The result was that in July and August, 1916, when the British and French were hammering on the Somme, large German reserves which might have been seriously needed to stop them, had to be rushed to Hungary to save the Austro-Hungarians. The Russian General Brusilof had started a surprise attack on them in June. By the middle of August he had captured more than 350,000.
The success of this offensive caused Roumania to enter the war on the side of the Allies.
Von Falkenhayn, in reality relieved, was allowed to resign.
By the end of 1916, Hindenburg had stopped the Russians, stopped the British and French on the Somme, and almost wiped Roumania off the map; killing, wounding, and capturing at least 200,000 Roumanian soldiers.
Once more dark days for Germany had been changed to cheerful ones by Hindenburg-Ludendorff successes--just as that first and darkest period for Germany in the failure of the first battle of the Marne in 1914 had been brightened by them with victories over the Russians.
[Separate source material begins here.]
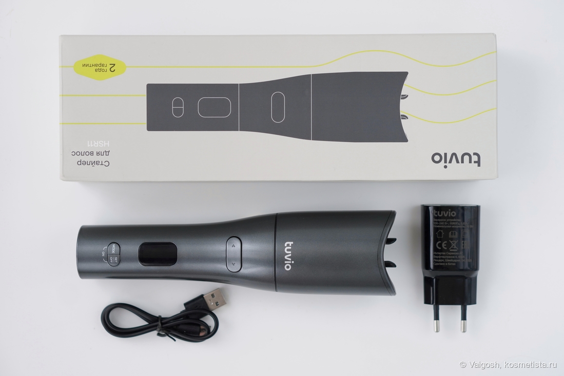 Комплектация скромная, но достаточная: коробка, зарядное устройство, сам стайлер и инструкция, которая у меня, конечно, тоже была, но я вам её не покажу — не из вредности, а потому, что я и сама не знаю, куда её подевала.

At Tannenberg in East Prussia in the last days of August, 1914, they killed, wounded, and captured 170,000 Russians with a loss of but 15,000 Germans killed and wounded. They thus virtually destroyed the Second Russian Army. General Samsonof, who commanded the Russians, fleeing with the remnants of his army, could not bear the disgrace. He committed suicide after telling the few of his staff left him, "The Emperor trusted me. How can I face him after such a disaster?"
Nine days later Hindenburg and Ludendorff had defeated another Russian army under General Rennenkampf at the battle of the Masurian Lakes. The remnants of this army---almost a disorganized rabble-- -were chased across the river Niemen back to Russia from which they had come.
These two battles were over in two weeks. Two Russian armies, each stronger than the one commanded by Hindenburg, had been decisively beaten.
One hundred and thirty-five thousand Russians had been captured, 40,000 to 50,000 killed, and at least 100,000 more wounded, making a total Russian loss of a quarter of a million.
This record of Hindenburg-Ludendorff finally won the dispute for them. It was decided that had strategical skill and determination of the Hindenburg-Ludendorff type been used since the opening days of the war in 1914 Germany would have knocked out first France and then Russia before unprepared Britain was ready---and the war probably won.
However, by the close of 1916 Russia and France were greatly weakened through having borne the brunt of the war for two years. They had passed their maximum strength and must steadily grow weaker. Therefore, Britain more and more would have to bear the brunt of the war. This not only in giving money and war material to her allies, but above all in putting fighting men on the battle-field.
But as she had not yet adopted real conscription and volunteering had passed its maximum, her army would not greatly increase in size. It might decrease.
Also, the submarine campaign was more and more seriously interfering with her supply of war material and food.
To judge from Britain's example, it would be two years before the United States would have an effective fighting army. If she decided to send it to Europe the submarines would seriously interfere with, if not stop, her doing so.
Hindenburg and Ludendorff gave Germany the skilled leadership---lacking the first two years of the war---to take advantage of this new opportunity.
America's unpreparedness would give Germany the time needed---so Germany defied us, and we declared war.